Dimora Ristorante, an Italian restaurant in Norwood, New Jersey, has paid $60,000 to a former waiter to settle a wage violations lawsuit for unpaid minimum and overtime wages and tip theft. The waiter argued that Dimora unlawfully required all front-of-the-house tipped employees, such as waiters and bussers, to pool their tips and share portions of them with two of the restaurants’ managers.
Under the FLSA, a restaurant can require front-of-the-house employees to pool and share their tips. However, the restaurant violates the FLSA if managers participate in the tip pool. Only non-managerial tipped employees can participate in the tip pool. If a restaurant violates this rule, it loses the tip credit, which is the privilege of paying front-of-the-house tipped employees at a reduced hourly wage rate. If this happens, the restaurant must pay back the tipped employees the tip credit, i.e., the difference between the full minimum wage rate and whatever reduced amount it paid them (which cannot be lower than $2.13 in New Jersey).

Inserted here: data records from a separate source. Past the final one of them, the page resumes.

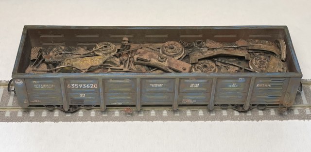В 12-1592 загрузил металлолом - остатки от китов ТЭП60 и ТЭП70, а так же обрезки фототравления, куски проволоки, сетки и т.д.
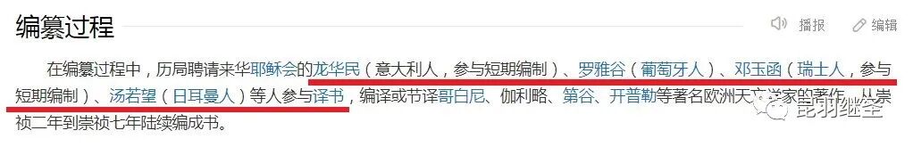 徐光启主编,变成了徐光启等编撰和翻译,多了个翻译的“译”。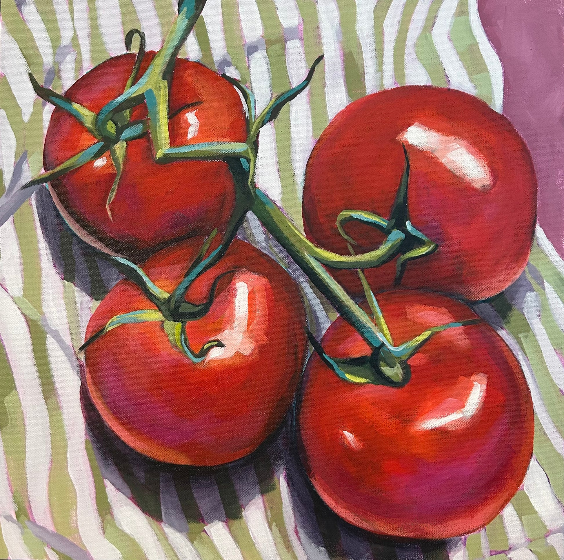 Vibrant still life painting featuring four ripe tomatoes on the vine, set against a striped fabric background. The bold colors and dynamic shadows bring a fresh, lively energy to this everyday subject.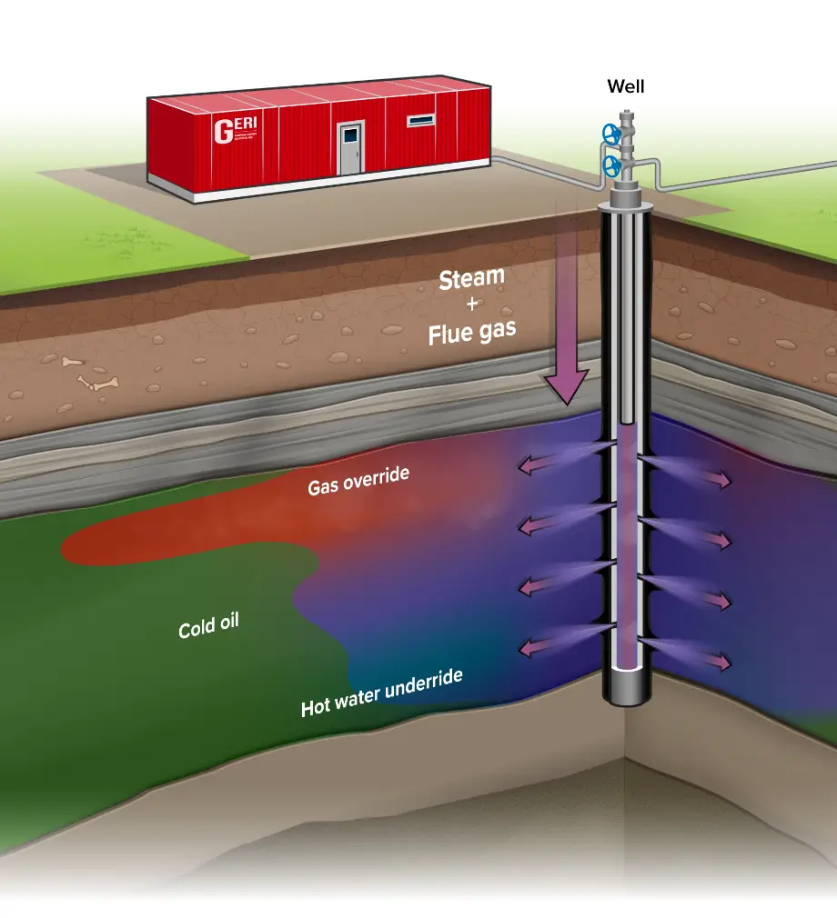 GERI’s co-injector performs an enhanced version of Cyclic Steam Stimulation (CSS), adding heat while also rapidly re-pressurizing the reservoir by co-injecting flue gases.
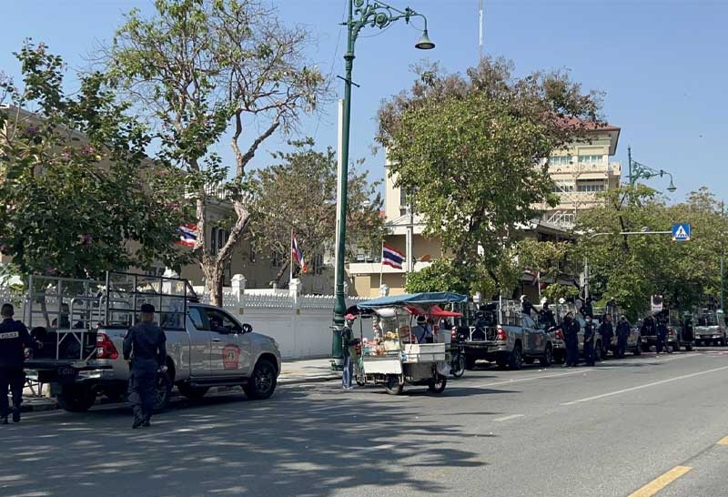 ขณะที่การรักษาความปลอดภัยบริเวณโดยรอบทำเนียบรัฐบาล มีการใช้กำลังเจ้าหน้าที่ตำรวจสันติบาล รวมไปถึงสนธิกำลังจากนครบาล ตรึงกำลังโดยรอบพื้นที่ โดยเจ้าหน้าที่ตำรวจ ได้ปิดประตูทางเข้าประตูหนึ่ง ซึ่งเป็นทางเข้าออกหลักของนายกรัฐมนตรี ซึ่งมีการนำรั้วเหล็กมาปิดบริเวณด้านหน้า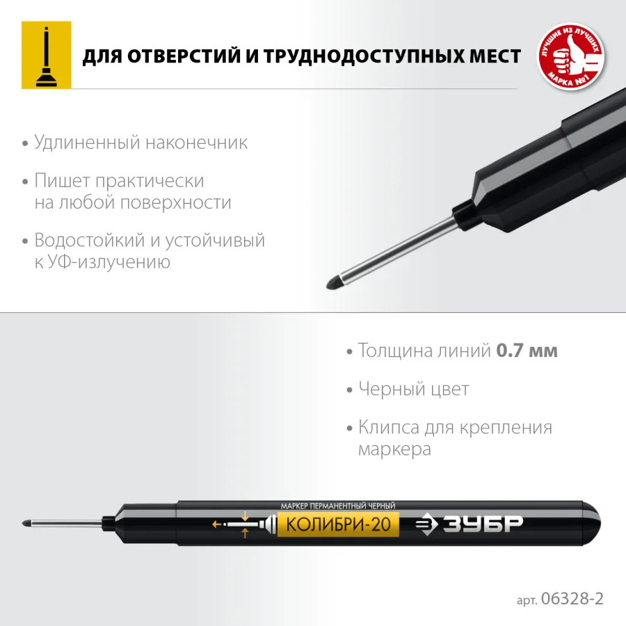 Удлиненный наконечник маркера позволяет наносить пометки сквозь небольшие отверстия. Перманентный маркер пишет практически на любой поверхности, применяется в различных сферах, где требуется разметить отверстие или сделать пометку сквозь небольшое отверстие

This is what the waiter argued against Dimora. According to the waiter, Dimora required him to share portions of his tips with two managers who hired, fired, interviewed, directed the duties, and set the work schedules of tipped employees. Because of this violation of the FLSA, the waiter claimed that the restaurant should not have paid him at the reduced wage rate of $2.90 per hour. He argued that because Dimora violated the FLSA, it should have paid him the full minimum wage rate of $8.38 in effect in 2016 in New Jersey. In other words, the waiter claimed he was owed the tip credit of $5.48 (i.e., the difference between $8.38 and $2.90) per hour worked up to 40 per workweek. The waiter also claimed that the restaurant failed to pay him any wages at all for hours worked over forty per workweek.
The waiter was represented by Louis Pechman and Gianfranco Cuadra of Pechman Law Group PLLC.